Family drama is an interesting way to delve into a culture’s roots. Olivier Assayas’ 2008 film – Summer Hours, dealt with the interpersonal dynamics in a French bourgeoise family and gave a peek into how this section of society chooses to think and act. With Kasaba (The Small Town), Nuri Bilge Ceylan brought the worldviews from different generations and showcased more than just the characters, through their ruminating conversations. ‘Cici’, written and directed by Berkun Oya, reminded me of this 1997 film, not just because both are set in Turkey, but because the differing perspectives create a chasm that is hard to amiss. The film is now streaming on Netflix.
Three generations of a family reunite in their hometown, and we witness their joyful moments together, the way characters from Koreeda’s classic drama – Still Walking, experience. The three children of Fekir – Saliha, Kadir, and Yusuf return to their family house. Kadir had come there around two years before, to work on his most personal project. The roots of this project are buried in his childhood, when the patriarch of the family made him feel the brunt of things, without caring for his innocent age. The film occurs in three different timelines where we get to see the roots, the culmination of their traumas, and some shocking revelations.
Besides the three biological children, Fekir decides to adopt Cemil – a young boy with a fantastic singing voice. Unlike his children, he is lenient to Fekir’s orders and does not disobey him. There is a sense of distance and pain in the oldest daughter (Saliha), who dances to a melancholic song to release her angst. While Yusuf is too young to bother about his future prospects, Kadir is ambitious despite his young age. Fekir squanders his desires and finds it abhorrible for anyone to act unlike what he expects them to. The mother, who is angry for living with such misery, does little to change any aspect of it.

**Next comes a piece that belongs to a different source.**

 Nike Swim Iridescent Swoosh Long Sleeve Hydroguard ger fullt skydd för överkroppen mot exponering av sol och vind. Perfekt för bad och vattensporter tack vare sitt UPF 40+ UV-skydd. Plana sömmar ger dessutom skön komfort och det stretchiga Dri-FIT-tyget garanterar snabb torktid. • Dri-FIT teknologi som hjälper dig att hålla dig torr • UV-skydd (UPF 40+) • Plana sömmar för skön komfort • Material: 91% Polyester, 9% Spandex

While some incidents may seem inconsequential at the moment they happen, they can have a deeper impact on how a person perceives himself. Kadir’s personal project – a feature film, is a dramatization, a revisit – to the time when he had gone through these pains. He meets the older Cemil, who still has a voice of an angel, and smiles as wide as he used to. Yet, the rift caused between them by Fekir has rendered far deeper damage. The project stops shooting, but something makes him halt in these lands, and thwarts his creative pursuit for over two years, which coincides with the Covid pandemic. Afterward, Saliha returns again and so does Yusuf from their lives in cities.
Besides entangling the family knots, Cici seems deeply interested in a sort of experiment that Abbas Kiarostami indulged in his Koker trilogy. The reimagining of actual events occurs, where people do not act or react necessarily in the same way they did in actuality. The presence of the camera always makes a difference – it intervenes as a mediator and creates a difference. The notion of putting on makeup to be yourself is also something that the film presents. And while it may be for mere practicality (to lighten the highlights on faces), it can be perceived by the actors to be someone they are not – to be more of themselves.

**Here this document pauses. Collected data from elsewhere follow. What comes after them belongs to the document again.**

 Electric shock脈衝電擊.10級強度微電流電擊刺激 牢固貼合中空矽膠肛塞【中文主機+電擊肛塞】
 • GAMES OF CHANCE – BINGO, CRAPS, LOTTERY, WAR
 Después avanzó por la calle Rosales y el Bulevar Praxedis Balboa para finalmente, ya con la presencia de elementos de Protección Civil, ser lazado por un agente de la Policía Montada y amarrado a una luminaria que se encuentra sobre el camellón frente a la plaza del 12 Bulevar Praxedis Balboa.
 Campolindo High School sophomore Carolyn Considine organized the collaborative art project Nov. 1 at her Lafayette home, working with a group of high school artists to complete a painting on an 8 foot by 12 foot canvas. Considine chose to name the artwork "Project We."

Amidst the reel-and-real conflict, the characters reveal the hidden truths that shake the foundations of their family. Cemil and Saliha find their own moment of closure, where the sweet memories of forbidden romance do not stay unspoken. The mother’s character, despite her fading memories, manages to stir in their lives in ways that they find impossible to find a way out from. While there is burning passion and undying love, there is also a boiling hatred that finds its way through the nooks and crannies. The civilized nature of their everyday interactions seems like a façade when these emotions start cracking out of their past.

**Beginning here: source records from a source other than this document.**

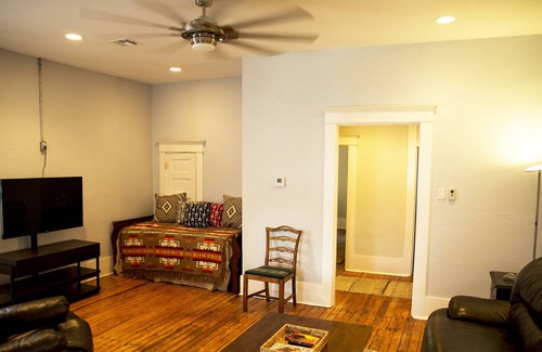 Rain Song Loft is ideally located in historic downtown Pawhuska, OK. Our guests enjoy spacious and comfortable accommodations including private entrance, 2 bedrooms, 1 bathroom with clawfoot tub, living room, dining room, kitchen, screened back porch, and private backyard with firepit. The loft is located on the 2nd floor of the historic FG Hill building constructed in 1912, and was fully renovated to include modern amenities while keeping many original features, such as high ceilings and wood floors. Our guests love the ideal location just steps from the Mercantile and other downtown shops. We can accommodate up to six guests. Perfect for ladies trips, couples, families with children, or business travelers.
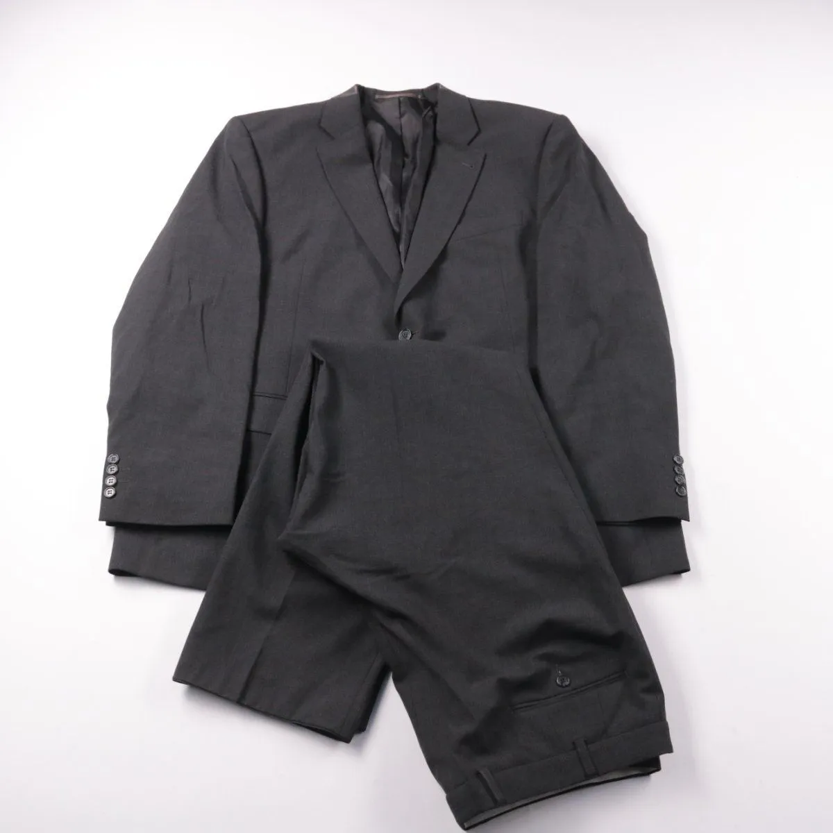 Мужской классический костюм (пиджак и брюки) тёмно-серого/графитового цвета, подойдёт для офиса, деловых встреч и торжественных мероприятий. По бирке верх: 60% шерсть virgin wool, 38% полиэстер, 2% эластан; подкладка 100% полиэстер. Ткань практичная и почти не мнётся, благодаря добавлению эластана костюм комфортнее в носке.
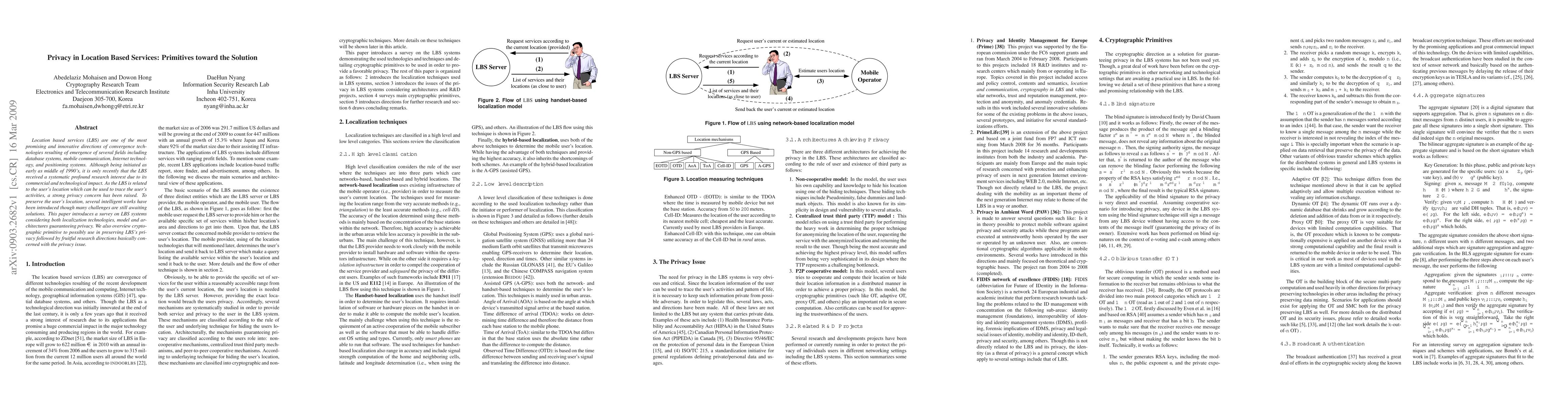 This paper surveys location-based services (LBS) systems, focusing on localization technologies and architectures that ensure privacy. It also discusses cryptographic primitives to enhance LBS privacy and outlines promising research directions addressing these privacy concerns.

Cici manages to bring these aspects to notice while letting the drama simmer gradually the way it would have been for the characters. What holds our attention throughout its runtime is Yagiz Yavru’s cinematography, which makes use of the shooting location’s empty, wide expanse to its advantage. The sounds also create a lasting impact, especially in the absence of a background score. What the film needed was a bit more substance for its long stretches for them to hold a greater significance. Besides that, the tonal shifts from its contemplative bits to its breezy, outright comedy bits, are not seamless. They pull you right out and you become indifferent to the unraveling drama in those brief moments of shifts.